Этим христианство завершилось, так как сделалось пустым, омертвевшим и бессодержательным. У него уже не осталось никакого содержания, против которого не восстало бы сердце, разве только если бы оно пробралось в него бессознательно, помимо нашего «самосознания». Сердце беспощадно критикует, обрекая на смерть все, что хочет вкрасться в него, и не способно ни на какую дружбу, ни на какую любовь, кроме только бессознательной, захватившей его врасплох. Да что и любить в людях, если все они «эгоисты», если никто из них не истинный человек, то есть не исключительно дух! Христианин любит только дух, но что сталось бы с человеком, который бы действительно был только духом?

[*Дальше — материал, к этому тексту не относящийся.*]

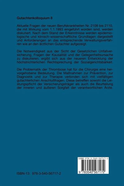 I Berufsbedingte Wirbelsäulenschäden.- Erfahrungen mit der BK "Verschleißkrankheiten der Wirbelsäule (Bandscheiben, Wirbelkörperabschlußplatten, Wirbelfortsätze, Bänder, kleine Wirbelgelenke) durch langjährige mechanische Überbelastung - BK 70 -" in der ehemaligen DDR.- Zur Frage berufsbedingter Erkrankungen der Halswirbelsäule aus arbeitsmedizinischer Sicht.- Zur Frage berufsbedingter Erkrankungen der Halswirbelsäule aus gutachtlicher Sicht.- Zur Frage berufsbedingter Erkrankungen der Lendenwirbelsäule aus biomechanischer Sicht.- Zur Frage berufsbedingter Erkrankungen der Lendenwirbelsäule aus arbeitsmedizinischer Sicht.- Zur Frage berufsbedingter Erkrankungen der Lendenwirbelsäule aus gutachtlicher Sicht.- Zur Frage berufsbedingter Erkrankungen der Wirbelsäule durch Ganzkörperschwingungen aus arbeitsmedizinischer Sicht.- Zur Frage berufsbedingter Erkrankungen der Lendenwirbelsäule durch Ganzkörperschwingungen aus gutachtlicher Sicht.- Fragen aus der Verwaltung zur neuen BK "Wirbelsäulenschäden".- Diskussion.- Anhang A-C: Merkblätter für die ärztliche Untersuchung zu BK 2108-2110.- II Unfallbegriff und Kausalität in der Gesetzlichen Unfallversicherung.- Unfallbegriff und Kausalität in der Gesetzlichen Unfallversicherung.- Gelegenheitsursache - versicherungsrechtliche Definition als Hilfe für den Gutachter?.- Zum Beweis der Schadensanlage aus juristischer Sicht.- Zum Beweis der Schadensanlage aus gutachtlicher Sicht.- Wesentliche Teilursächlichkeit - dargestellt anhand konkreter Beispiele aus der Praxis des Verwaltungsjuristen.- Wesentliche Teilursächlichkeit - dargestellt anhand konkreter Beispiele aus der Praxis des Unfallchirurgen.- Wesentliche Teilursächlichkeit aus der Praxis des Unfallchirurgen.- Diskussion.- IIIDie Thrombose.- Entstehung, Diagnostik und Prophylaxe der tiefen Venenthrombose.- Therapie der Venenthrombose.- Thrombose - Indiz für einen Behandlungsfehler?.- Die Untersuchungen nach Thrombose.- Die gutachtliche Bewertung nach Thrombosen aus Sicht des Gutachters.- Die gutachtliche Bewertung nach Thrombosen aus Sicht der Verwaltung.- Diskussion.

Любовь к человеку с кровью и плотью была бы уже не «духовной» сердечностью, а изменой «чистой» сердечности, «теоретическому интересу». Не следует ведь представлять себе чистую сердечность как добродушие, побуждающее тепло пожать руку всякому; напротив, чистая сердечность ни к кому не сердечна: это только теоретическое участие, близость к человеку как к человеку, а не личности. Личность ей противна, потому что она «эгоистична», потому что она не идея человека, не человек в идее. А теоретический интерес может относиться только к идее. Для чистой сердечности, или для чистой теории, люди существуют только для того, чтобы их критиковать, осмеивать и до конца презирать: они для него, как и для фанатического попа, нечисть и грязь.